-- DATA BELOW follows --

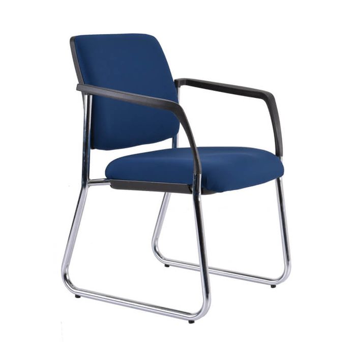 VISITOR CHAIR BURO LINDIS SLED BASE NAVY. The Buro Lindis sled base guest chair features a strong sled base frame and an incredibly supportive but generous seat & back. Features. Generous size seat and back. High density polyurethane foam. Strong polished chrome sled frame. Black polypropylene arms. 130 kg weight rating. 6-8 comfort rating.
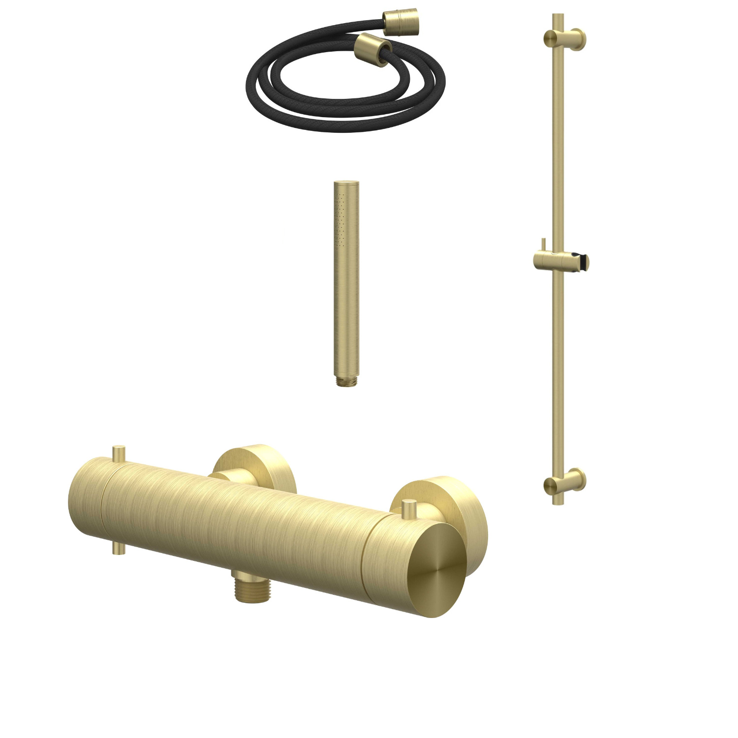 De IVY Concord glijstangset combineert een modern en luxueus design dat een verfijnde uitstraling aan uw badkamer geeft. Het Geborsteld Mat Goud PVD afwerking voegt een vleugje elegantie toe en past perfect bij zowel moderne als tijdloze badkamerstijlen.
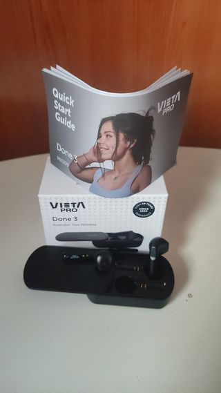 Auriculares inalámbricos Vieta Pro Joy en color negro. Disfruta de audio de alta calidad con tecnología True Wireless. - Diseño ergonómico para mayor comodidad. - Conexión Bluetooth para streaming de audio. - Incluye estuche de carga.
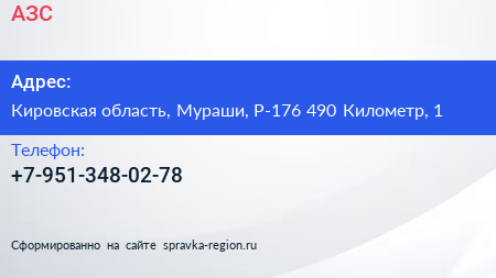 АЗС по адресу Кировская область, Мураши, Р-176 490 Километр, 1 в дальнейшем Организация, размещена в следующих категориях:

-- DATA BELOW concluded --

* [WHAT IS EXPECTED] Restate verbatim the lines that begin at the one holding "De IVY Concord" and end at the last line of the material. Exclude pictures.

* [ANSWER TO THIS PROBLEM]
 De IVY Concord glijstangset combineert een modern en luxueus design dat een verfijnde uitstraling aan uw badkamer geeft. Het Geborsteld Mat Goud PVD afwerking voegt een vleugje elegantie toe en past perfect bij zowel moderne als tijdloze badkamerstijlen.
 Auriculares inalámbricos Vieta Pro Joy en color negro. Disfruta de audio de alta calidad con tecnología True Wireless. - Diseño ergonómico para mayor comodidad. - Conexión Bluetooth para streaming de audio. - Incluye estuche de carga.
 АЗС по адресу Кировская область, Мураши, Р-176 490 Километр, 1 в дальнейшем Организация, размещена в следующих категориях:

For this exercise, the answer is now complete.